An interview with Lizz Winstead, comedian and co-creator of The Daily Show

"It's not usually this crazy," Lizz Winstead apologizes, greeting me at the door of her Brooklyn apartment alongside two overstimulated dogs. Inside, a small staff helping prepare Lady Parts Justice for its upcoming launch. The site is the latest in a long line of projects that straddle the sometimes treacherous line between comedy and politics.

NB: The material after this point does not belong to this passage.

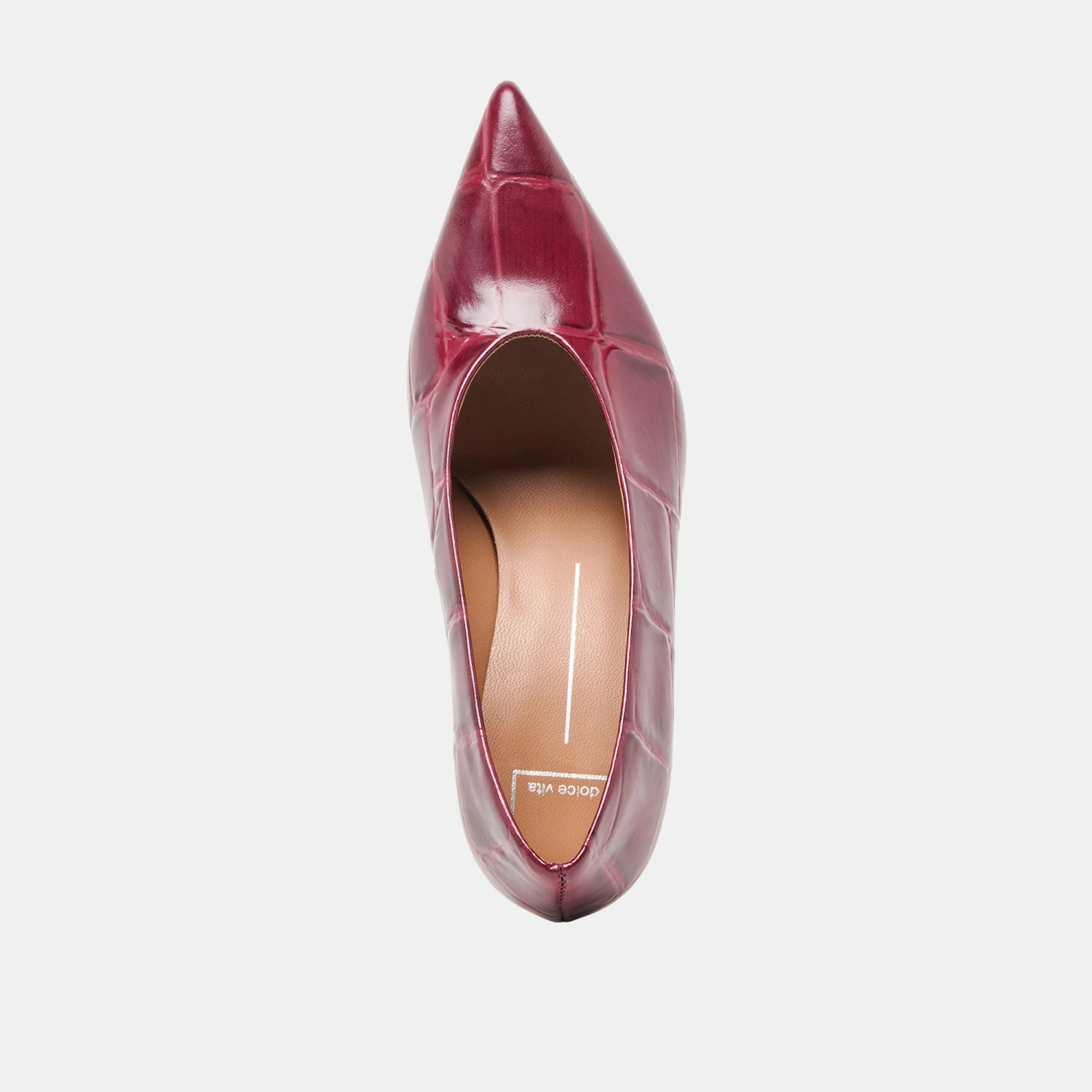 Luxe Italian-crafted materials blend with retro design details in MIDGE. This pointed toe heel features bold croc embossed leather in trend-forward burgundy. Let this statement style shine with sophisticated work looks and cold weather dresses.

Winstead's impressive CV includes co-founding both The Daily Show and the since-departed left-wing radio station Air America, on which she co-hosted a program with Chuck D. and then relatively unknown politics wonk named Rachel Maddow.

In the wake of a series of standup shows throughout the midwest, the comedian opted to focus her political efforts on a primary political cause — on that has been at the forefront of a number of recent news cycles due primarily to unfortunate turns of events.

Built with the help of a recent Indiegogo campaign, Lady Parts Justice aims to sign light on the struggles of reproductive rights through a series of well-produced, star-studded comedy videos and some cold, hard facts. It's an issue that's been at the front of Winstead's activism since the product of a conservative midwestern upbringing found herself at an abortion clinic at age 17, an experience she writes about at length in her 2012 essay collection, Lizz Free for Die.

We grabbed a couple of chairs coated in dog fur to discuss the cross section of politics and comedy and how some funny YouTube videos might some day effect change.